Monday, November 26, 2018

Aluminum Myth Busting


Aluminum is a known neurotoxin that is added to drinking water, pharmaceuticals, vaccines, and food, such as colored candy and baked goods. In order to convince people that these products are safe, consumers have been told to blindly believe the following aluminum myths:
·         Aluminum compounds are inert or insoluble preventing entry into the body
·         Any aluminum that does get into the body is immediately excreted
·         Any aluminum that is not excreted is deposited in biologically inert stores such as bone
All of these myths have been scientifically disproven but they are not forgotten as they continue to be repeated by the aluminum industry, Alzheimer’s Association, and medical profession.
In 1996 it was discovered that rats of all ages accumulate aluminum in their bodies from their drinking water1. In 1998 this accumulated aluminum was found in five organs (e.g. brain, bone, kidney, liver, spleen) and six lobes of the brain (e.g. cortex, hippocampus, striatum, cerebellum, thalamus, olfactory bulb). In addition, aluminum was found to not be inert but is mobile by continuously diffusing in the body from places of high concentration to places of low concentration. Because of aluminum’s diffusivity it is partially removed (58-79%) from all organs of the body, including bones and all six lobes of the brain, by administering OSA rich silica water every five days over a period of 5 weeks2.
Some of these observations with rats have also been shown to be the case for humans. OSA rich silica water facilitates the elimination of aluminum in urine and perspiration3,4. It has also been found that some people are “Super Aluminum Absorbers”.  These people have more aluminum in their brain than normal and include those with sporadic5 and familial Alzheimer’s6, autism7, multiple sclerosis8, and Parkinson’s9-11.  For more details see “Silica water the Secret of Healthy Blue Zone Longevity in the Aluminum Age” by Dennis N. Crouse12.

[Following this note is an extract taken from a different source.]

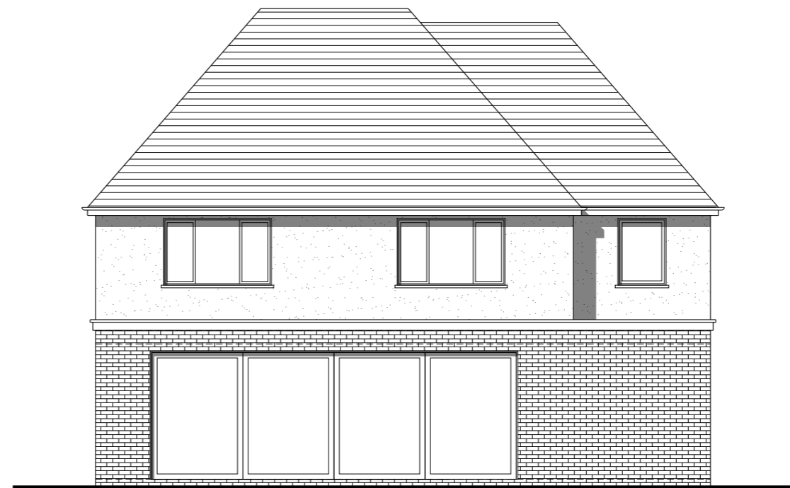
Rear Elevation (East) - As Consented (22/P/02128)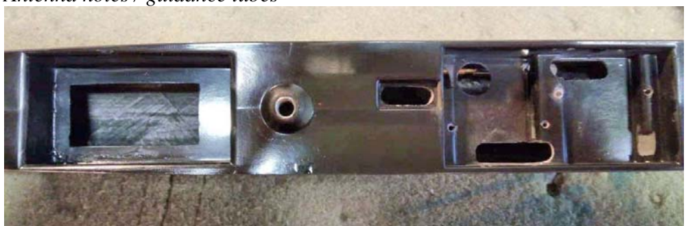
Cutting holes in fuse before assembly

After drinking silica water, OSA is absorbed into the blood and carried by the blood to kidney and sweat gland lumens. The pH of blood is 7.4, urine is 6.5-8.0, and at high rates of perspiration, as seen while exercising, the pH of sweat is near neutrality (e.g. pH 7)13. OSA reacts with aluminum above pH 5.5 forming a non-toxic chemical called HAS14.  This reaction lowers the concentration of aluminum in blood and kidney and sweat gland lumens. This lower aluminum concentration favors more aluminum diffusing from places of higher concentration into the blood and these lumens for reaction with OSA.  Thereby OSA detoxifies aluminum and facilitates its elimination as HAS in the urine and perspiration.
Unlike chelators that can remove many different ions from the body, OSA very specifically removes just aluminum. An example of its specificity is that OSA does not facilitate the elimination of iron, even though iron is of similar size and ionic charge compared to aluminum5. Also unlike chelators that reversibly complex with many types of ions, OSA is only known to react with aluminum to irreversibly form HAS that is stable above pH 5.5.   

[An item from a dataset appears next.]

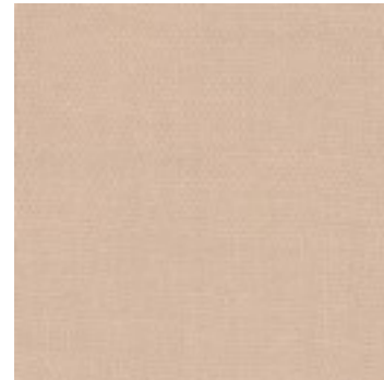
03959.025 LIGHT SALMON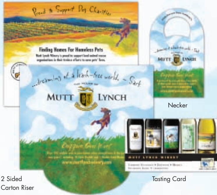
2 Sided Carton Riser

In conclusion the aluminum myths have been busted by scientific research and we can now say the following three facts have been proven to be true:
·         Aluminum ions and some aluminum compounds enter our bodies from ingested water, food, and pharmaceuticals by being absorbed from the gut into the blood. In addition, aluminum ions and compounds enter our bodies from injected vaccines.  
·         This ingested and injected aluminum accumulates in our organs and is a causal factor of Alzheimer’s, autism, heart disease, multiple sclerosis, Parkinson’s, and some cancers.
·         Accumulated aluminum is primarily non-inert as by drinking OSA most of the accumulated aluminum diffuses from all organs, including bones, into the blood, urine inside kidney lumen, and sweat inside sweat gland lumens. In these lumens OSA reacts with aluminum to form non-toxic HAS followed by excretion in urine and perspiration.
For more details see “Prevent Alzheimer’s, Autism, and Stroke with 7 Supplements, 7 Lifestyle Choices, and a Dissolved Mineral” by Dennis N. Crouse15.
References
1.      Domingo, L., et al.; Age related effects of aluminum ingestion on brain aluminum accumulation and behavior in rats; Life Sci.; 58(17):1387-95 (1996)
2.      Belles, M., et al.; Silicon reduces aluminum accumulation in rats: Relevance to the aluminum hypothesis of Alzheimer’s disease; Alzheimer Disease Associated Disorders; 12(2):83-87 (1998)
3.      Exley, C., et al.; Non-invasive therapy to reduce the body burden of aluminum in Alzheimer’s disease; J. Alzheimer’s Disease; 10:17-24 (2006)
4.      Minshal, C., et al.; Aluminum in human sweat; J. Trace elem. Med. Biol.; 28:87-88 (2014)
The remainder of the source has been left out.